Young children’s learning of literacies in transnational and sociocultural contexts in families with immigrant mothers in Taiwan

Ching-Ting Hsin

Because of presumptions of educational deficiency, little was known about the education-related resources of new-immigrant families in Taiwan (i.e. one parent is a marriage immigrant and the other is from Taiwan). This study therefore aimed to investigate the household resources and knowledge that promote literacy in these families. Four Vietnamese immigrant mothers with children aged four–six years, their husbands and their children were recruited in this ethnographic study.

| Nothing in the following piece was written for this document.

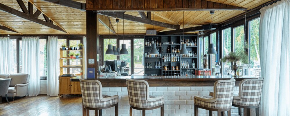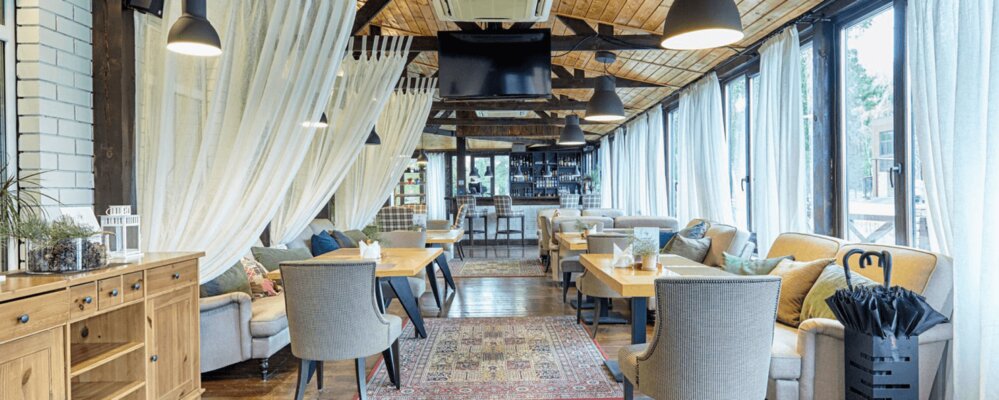 Интерьер ресторана органично вписан в окружающую природу и благоволит спокойствию и умиротворению, а с крытой и открытой веранд открывается вид на природный пейзаж.

It was found that the children learned oral language, literacy and cultural knowledge through literacy practices in various transnational contexts, including visiting Vietnam, making telephone calls to Vietnamese relatives, listening to Vietnamese songs and stories, going to Vietnamese restaurants and stores and socialising with their mothers’ Vietnamese friends. Moreover, their literacy learning was intertwined with their engagement in parents’ jobs, hobbies and life experiences and with their learning of Vietnamese cultural values and multiple languages. The understanding of these children’s experiences provides insight into the incorporation of such resources into literacy curricula. For example, teachers could expand children’s knowledge of Vietnamese food by reading books about Vietnamese agriculture.


Australasian Journal of Early Childhood—Volume 42 Number 1 March 2017.